▶ [SUPPLIED INFORMATION]:

+++

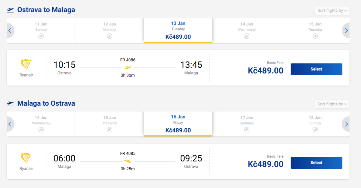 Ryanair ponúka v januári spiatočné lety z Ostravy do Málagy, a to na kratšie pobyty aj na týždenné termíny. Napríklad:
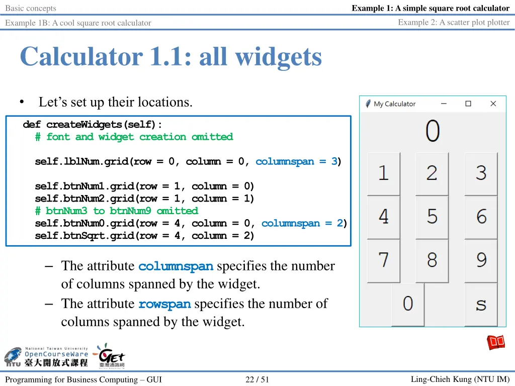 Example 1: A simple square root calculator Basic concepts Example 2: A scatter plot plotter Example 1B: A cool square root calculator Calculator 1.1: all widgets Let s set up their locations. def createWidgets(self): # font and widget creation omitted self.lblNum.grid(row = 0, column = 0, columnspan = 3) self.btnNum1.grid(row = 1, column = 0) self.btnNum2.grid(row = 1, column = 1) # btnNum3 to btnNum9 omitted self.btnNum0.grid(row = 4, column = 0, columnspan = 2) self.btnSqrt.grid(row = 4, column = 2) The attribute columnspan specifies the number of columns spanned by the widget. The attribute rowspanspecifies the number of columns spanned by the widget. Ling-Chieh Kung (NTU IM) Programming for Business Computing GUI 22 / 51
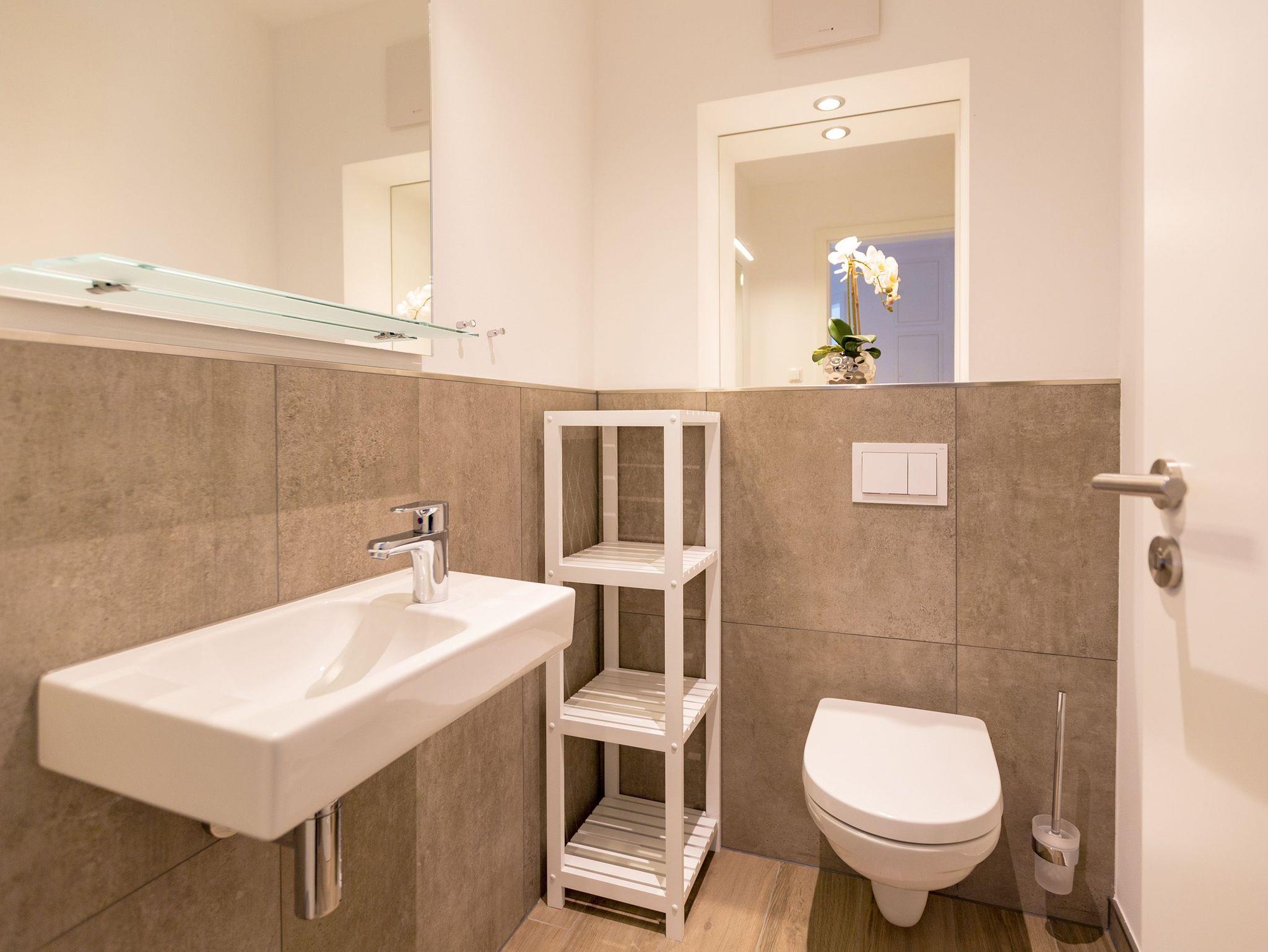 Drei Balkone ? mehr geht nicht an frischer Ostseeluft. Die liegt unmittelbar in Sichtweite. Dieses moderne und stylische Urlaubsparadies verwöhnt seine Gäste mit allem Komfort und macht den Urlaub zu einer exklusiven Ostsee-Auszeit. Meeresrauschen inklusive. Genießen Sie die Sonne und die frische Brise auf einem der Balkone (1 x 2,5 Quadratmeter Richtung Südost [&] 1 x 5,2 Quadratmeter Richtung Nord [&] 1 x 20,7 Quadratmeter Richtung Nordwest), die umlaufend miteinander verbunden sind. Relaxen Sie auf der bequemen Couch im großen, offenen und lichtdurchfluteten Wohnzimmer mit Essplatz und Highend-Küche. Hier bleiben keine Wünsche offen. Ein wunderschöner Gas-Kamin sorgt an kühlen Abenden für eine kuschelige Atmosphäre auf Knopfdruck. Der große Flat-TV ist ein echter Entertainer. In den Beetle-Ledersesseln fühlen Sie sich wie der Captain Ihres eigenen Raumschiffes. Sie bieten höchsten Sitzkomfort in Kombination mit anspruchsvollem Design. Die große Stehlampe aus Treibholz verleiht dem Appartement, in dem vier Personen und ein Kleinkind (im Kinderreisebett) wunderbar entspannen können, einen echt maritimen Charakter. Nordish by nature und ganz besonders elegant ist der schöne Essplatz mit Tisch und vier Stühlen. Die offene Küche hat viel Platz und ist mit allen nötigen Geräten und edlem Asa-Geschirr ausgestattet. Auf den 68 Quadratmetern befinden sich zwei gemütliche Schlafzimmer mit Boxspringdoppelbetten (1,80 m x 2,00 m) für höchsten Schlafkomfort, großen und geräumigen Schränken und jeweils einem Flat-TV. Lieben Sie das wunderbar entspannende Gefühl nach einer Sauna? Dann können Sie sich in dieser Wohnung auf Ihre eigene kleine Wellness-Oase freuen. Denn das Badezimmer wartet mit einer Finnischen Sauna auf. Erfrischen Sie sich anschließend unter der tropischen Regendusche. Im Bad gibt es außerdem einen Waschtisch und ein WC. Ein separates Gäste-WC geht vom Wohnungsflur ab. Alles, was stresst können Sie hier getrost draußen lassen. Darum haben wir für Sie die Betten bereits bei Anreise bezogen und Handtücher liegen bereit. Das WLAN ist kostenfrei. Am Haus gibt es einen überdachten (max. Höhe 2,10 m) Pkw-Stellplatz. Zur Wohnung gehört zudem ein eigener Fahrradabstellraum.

+++

▶ [WHAT THIS TASK INVOLVES]: Above is a listing with pictures. Write it out exactly without them.

▶ [YOUR SOLUTION]:
 Ryanair ponúka v januári spiatočné lety z Ostravy do Málagy, a to na kratšie pobyty aj na týždenné termíny. Napríklad:
 Example 1: A simple square root calculator Basic concepts Example 2: A scatter plot plotter Example 1B: A cool square root calculator Calculator 1.1: all widgets Let s set up their locations. def createWidgets(self): # font and widget creation omitted self.lblNum.grid(row = 0, column = 0, columnspan = 3) self.btnNum1.grid(row = 1, column = 0) self.btnNum2.grid(row = 1, column = 1) # btnNum3 to btnNum9 omitted self.btnNum0.grid(row = 4, column = 0, columnspan = 2) self.btnSqrt.grid(row = 4, column = 2) The attribute columnspan specifies the number of columns spanned by the widget. The attribute rowspanspecifies the number of columns spanned by the widget. Ling-Chieh Kung (NTU IM) Programming for Business Computing GUI 22 / 51
 Drei Balkone ? mehr geht nicht an frischer Ostseeluft. Die liegt unmittelbar in Sichtweite. Dieses moderne und stylische Urlaubsparadies verwöhnt seine Gäste mit allem Komfort und macht den Urlaub zu einer exklusiven Ostsee-Auszeit. Meeresrauschen inklusive. Genießen Sie die Sonne und die frische Brise auf einem der Balkone (1 x 2,5 Quadratmeter Richtung Südost [&] 1 x 5,2 Quadratmeter Richtung Nord [&] 1 x 20,7 Quadratmeter Richtung Nordwest), die umlaufend miteinander verbunden sind. Relaxen Sie auf der bequemen Couch im großen, offenen und lichtdurchfluteten Wohnzimmer mit Essplatz und Highend-Küche. Hier bleiben keine Wünsche offen. Ein wunderschöner Gas-Kamin sorgt an kühlen Abenden für eine kuschelige Atmosphäre auf Knopfdruck. Der große Flat-TV ist ein echter Entertainer. In den Beetle-Ledersesseln fühlen Sie sich wie der Captain Ihres eigenen Raumschiffes. Sie bieten höchsten Sitzkomfort in Kombination mit anspruchsvollem Design. Die große Stehlampe aus Treibholz verleiht dem Appartement, in dem vier Personen und ein Kleinkind (im Kinderreisebett) wunderbar entspannen können, einen echt maritimen Charakter. Nordish by nature und ganz besonders elegant ist der schöne Essplatz mit Tisch und vier Stühlen. Die offene Küche hat viel Platz und ist mit allen nötigen Geräten und edlem Asa-Geschirr ausgestattet. Auf den 68 Quadratmetern befinden sich zwei gemütliche Schlafzimmer mit Boxspringdoppelbetten (1,80 m x 2,00 m) für höchsten Schlafkomfort, großen und geräumigen Schränken und jeweils einem Flat-TV. Lieben Sie das wunderbar entspannende Gefühl nach einer Sauna? Dann können Sie sich in dieser Wohnung auf Ihre eigene kleine Wellness-Oase freuen. Denn das Badezimmer wartet mit einer Finnischen Sauna auf. Erfrischen Sie sich anschließend unter der tropischen Regendusche. Im Bad gibt es außerdem einen Waschtisch und ein WC. Ein separates Gäste-WC geht vom Wohnungsflur ab. Alles, was stresst können Sie hier getrost draußen lassen. Darum haben wir für Sie die Betten bereits bei Anreise bezogen und Handtücher liegen bereit. Das WLAN ist kostenfrei. Am Haus gibt es einen überdachten (max. Höhe 2,10 m) Pkw-Stellplatz. Zur Wohnung gehört zudem ein eigener Fahrradabstellraum.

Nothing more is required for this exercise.